Fast forward about a year or 18 months. By this time I had not only arranged for a second 6 months of sabbatical but had given up my job entirely and was running the B&B where I had originally been a guest. One day I was getting ready to walk into the village to mail a letter to the man I had met when we had both been guests at the B&B several years earlier, when I heard a knock at the door. I went to see who it was and found…the man to whom I had just written. He said I looked as if I had seen a ghost. I handed him the letter I had just finished writing and he saved me the purchase of a stamp!

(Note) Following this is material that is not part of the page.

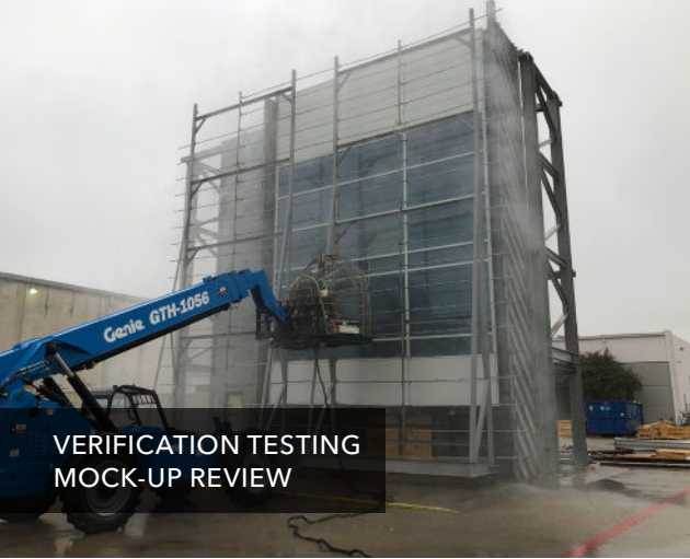
VERIFICATION TESTING MOCK-UP REVIEW

Fast forward again about a year. It is now autumn of 1989 and I am travelling in the US on my first trip to the States since coming to Scotland in 1986. I am visiting a number of old friends and family. In San Diego I am staying with my mother, but I have decided to give myself a break by going for 2 nights to stay at the city’s YWCA (Young Women’s Christian Association—you don’t have to be Christian to stay there) in the middle of my week of visiting my mother. She doesn’t understand why I want to do this, but for me it is a sort of declaration of independence, a chance to write in my journal and evaluate the time I have just spent with her. The “Y”, as it is known, is a huge building with at least 75 rooms spread over several floors. The rooms have private toilets but there is a large toilet with several sinks and big mirrors on each floor. I go into the large toilet on my floor and see a woman standing at the sink and looking in the mirror. I look into the mirror and my gaze meets hers. We recognize one another—we know one another from the Findhorn community.
These could be considered examples of “coincidence” or “serendipity” but to me they have always eerily represented something larger, or deeper, at play in the universe. They informed the first years of my life in the community with the sense of being in the right place and the belief that there are forces at work which have my best interests at heart. I am still here, and grateful to have been able to make a life for myself as part of the community, wearing several hats over the years.
Janice Eddy
I worked here as a psychotherapist in private practice for 30 years on a list with other health professionals within the community, and made jewellery which I sold at community craft fairs.